Schematic representation of the bidirectional and hybrid bidirectional promoters used in this study. a Wild-type promoter pEYK450 in forward (above) and reverse (below) transcription orientations within a reporter expression cassette. T1, T2, A, and B are Box TATA 1, Box TATA 2, Box A, and Box B, respectively. b Hybrid promoter pEYK450-5AB in forward (above) and reverse (below) transcription orientations within a reporter expression cassette. It contains five copies of Box A. Black and gray arrows are RedStarII and YFP reporter genes, respectively

The reporter system was constructed using our previously described GGA toolbox [14, 41]. The six biobricks and the destination vector are shown in Fig. 3a. First, donor vectors were constructed to carry YFP-TLIP2, RedStarII-TLIP2, and the EYK1-EYL1 intergenic region in forward (Fw) and reverse (Rv) transcription orientations via PCR amplification. Hereinafter, the intergenic region will be referred to as pEYK450, given that it is around 450 bp long. We defined its forward orientation as being directed toward EYK1 and its reverse orientation as being directed toward EYL1 according to Fig. 1. Each version of pEYK450 was inserted along with the fluorescent reporter genes into the destination vector GGE114, generating plasmids GGA-URA3ex-RedStarII-pEYK450-Fw-YFP (JME4766) and GGA-URA3ex-RedStarII-pEYK450-Rv-YFP (JME4768) (Fig. 3b, Table 1). Similarly, hybrid versions of pEYK (pEYK450-5AB) were assembled, generating the plasmids GGA-URA3ex-RedStarII-pEYK450-5AB-Fw-YFP (JME4891) and GGA-URA3ex-RedStarII-pEYK450-5AB-Rv-YFP (JME4892) (Fig. 3c, Table 1, see section “Hybrid versions of pEYK450 display strong transcription levels”).

Fig. 3
figure 3

Schematic representation of the Golden Gate assembly strategy used in this study. a Destination vector GGE114 and biobricks of the wild-type promoter pEYK450 (forward or reverse transcription), the hybrid promoter pEYK450-5AB containing five copies of Box A (forward or reverse transcription), and the fluorescent reporter genes (RedStarII or YFP ending with TLIP2 terminator). The letters on both sides of the biobricks represent the four-nucleotide overhangs generated by the BsaI restriction sites. The destination vector contains Zeta regions for the specific integration of the expression cassette into the Y. lipolytica’s genome, the URA3 marker for yeast transformants selection, and the chromoprotein RFP surrounded by GGA sticky BsaI sites for E. coli transformants selection. The expression cassette is releasable by NotI digestion to promote yeast transformation. b Assembled plasmids containing both transcription orientations of pEYK450. Plasmid names are indicated. c Assembled plasmids containing both transcription orientations of pEYK450-5AB. Plasmid names are indicated. The different colors (i.e., blue, orange, purple, and pink) convey promoter type and transcription orientation and are consistent across figures

Table 1 Plasmids used in this study (E. coli)

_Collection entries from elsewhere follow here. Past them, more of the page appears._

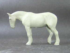 All the Animal Artistry horses are produced here on site. I make and cut all of my own moulds, but then pass the casting on to either Charles, my partner, or Sam my son. After the fettling and pin hole repairing (if necessary) they will have an undercoat of gesso. Now they are ready to paint, and they are passed onto Joanna the air brush artist who will transform them with coats of acrylic paint.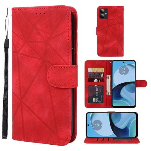 Funda de Cuero para Motorola Moto G14 con Líneas Geométricas y Tacto Suave (Rojo)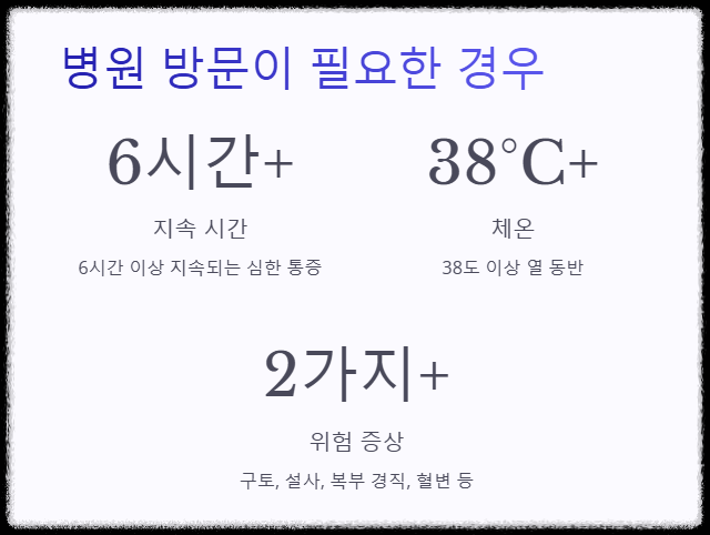 모든 복통이 심각한 건 아니지만, 다음과 같은 증상이 동반된다면 즉시 병원을 찾아야 합니다: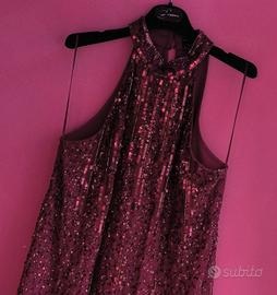 abito bordeaux vestibilità morbida lunghezza media completamente paiettato sul davanti bottoncini di chiusura sul dietro taglia italiana 42 brand lipsy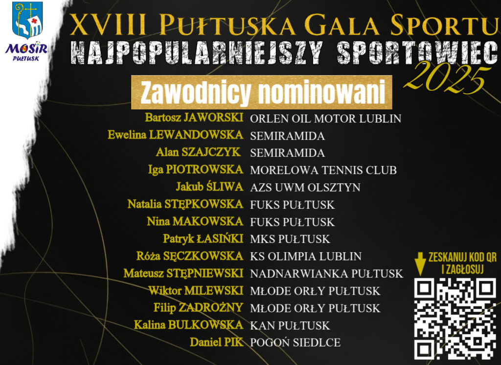 Od 2 marca do 9 marca 2026 r. mogą Państwo wybrać, spośród zawodników nominowanych przez Pułtuską Radę Sportu, NAJPOPULARNIEJSZEGO SPORTOWCA ROKU 2025.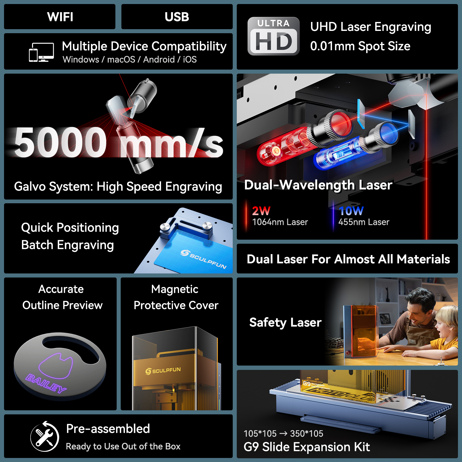 SCULPFUN G9 Infrared+Diode Blue Dual Laser Engraver Ultra High Speed Lightning Engraving 2-In-1 Laser Marking Machine Complies with Class I Standards for Metal Plastic Jewelry Leather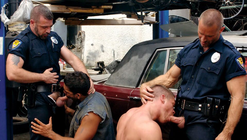 Outside, hot cops Brendon Davies and Danny Mann show up to investigate a disturbance. Ken Browning's is dying to nail some hot cop ass so he gets Nick Marino to flash his ass, and it gets them worked up. The four quickly fuck and suck each other in an explosive orgy, each taking turns nailing each other's hot asses!

Resulting plasmids containing the wild-type BDP were integrated into the Y. lipolytica strain JMY7126. For each construct, 48 transformants were isolated. YFP and RedStarII fluorescence levels were then measured during cell growth on minimal erythritol-containing medium. Non-fluorescent transformants (URA3 gene conversion) and highly fluorescent transformants (multiple integrations) were eliminated from the analysis. Eight representative transformants were selected for each construct and saved in our Golden Gate yeast (GGY) collection (Table 2). Fluorescence assays were performed in a microplate reader with the 16 representative transformants to assess the strength and induction levels of pEYK450 in both transcription orientations (Fig. 4).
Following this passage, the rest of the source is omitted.